While it would be a perfectly valid argument that the level of economic development of a society (or country) will have a strong bearing on the spread of education (though this may not be the only factor), it is hard to see how a religion correlates with education. Thus, there should be no surprise in the fact that the Christians of Western Europe are likely to demonstrate higher educational attainments than those in Latin America or Africa. Within a country too, the Hindus of Kerala (a populous Indian state with the highest literacy levels in the country for major states) will typically have spent more years at school and college than, say, in Bihar, that lags far behind.

Extending the argument, it will be reasonable to expect that Hindus (or for that matter Christians or Muslims) in all parts of India will have broadly similar educational levels if they come from broadly similar economic backgrounds.

A religion-derived omnibus category for the world does not, therefore, appear to serve much point.
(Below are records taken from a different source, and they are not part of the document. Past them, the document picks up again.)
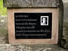 ![]() Memorial granite plaque in Osvětimany dedicated to the memory of Oldřich Pechal | |
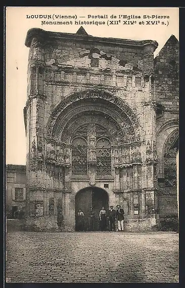 AK Loudun, Portail de l`Église St-Pierre, monument historique, XIIe, XIIIe et XVIe s.
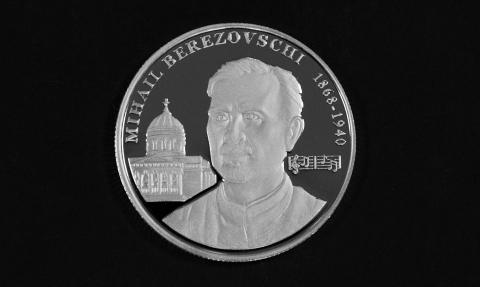 în partea de sus, în exergă, sunt gravate inscripțiile „MIHAIL BEREZOVSCHI” și anii de viață „1868-1940”.
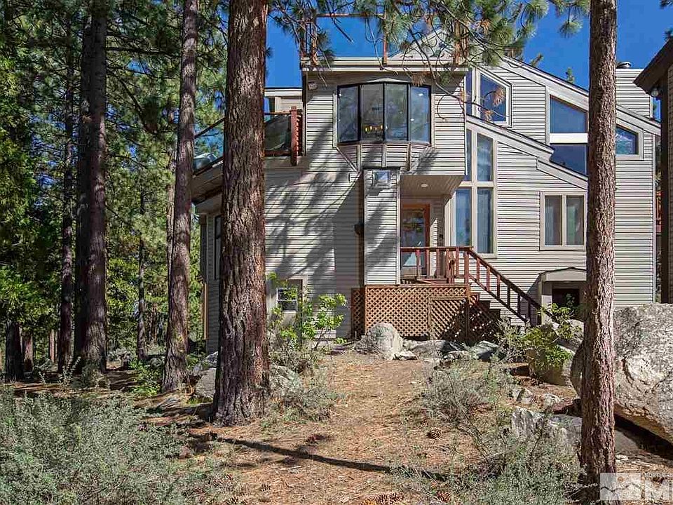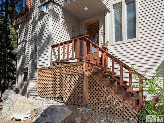Very private 4 story, 4 bedroom, 3 full bath townhome full of windows featuring double Master, remodeled kitchen and bathrooms, living room, sunroom with unobstructed view of forest, sitting room, den/media room, and formal dining room. Four separate patio/decks: BBQ and firepit off kitchen, forest view off guest bedroom, and rooftop with view of Lake Tahoe (all private), and dining deck off living room.
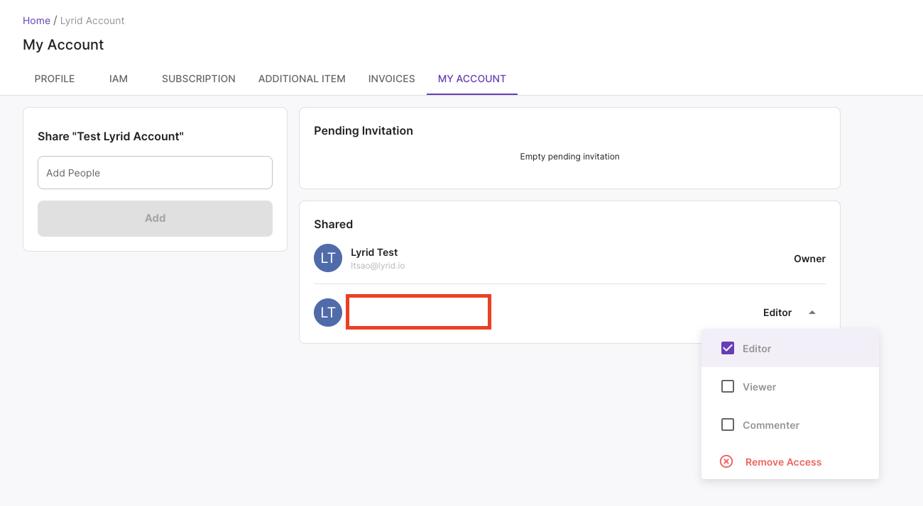 The owner of the project can see the list of account they have shared their project with as well as their roles. The owner can change their access or remove them.

Since Hindus live in one of the world’s poorest regions, South Asia (preponderantly India and Nepal), no surprise is caused by the Pew finding that the average Hindu female has only 4.2 years of schooling and the male 6.4 years. This, in fact, broadly tallies with India’s official data on proportions of India’s literate population (about 75 per cent male, against around 53 per cent female) having primary education (uptil Class 5).

For the world’s Muslims, the Pew research shows only a very marginal increase over the result for Hindus. Muslim women have 4.9 years of schooling on average while the case of men is identical with that of Hindus.

The colonial and imperialist bent of mind — and this embraces policymakers and scholars — picked on religion a great deal, as an instrument that was used very consciously, to speak of differences among peoples and to keep them divided and frequently in a state of mutual animus. That mindset simply did not conceive the notion that the colonised people seemed so different from their colonisers for the simple reason that they lacked economic and social status.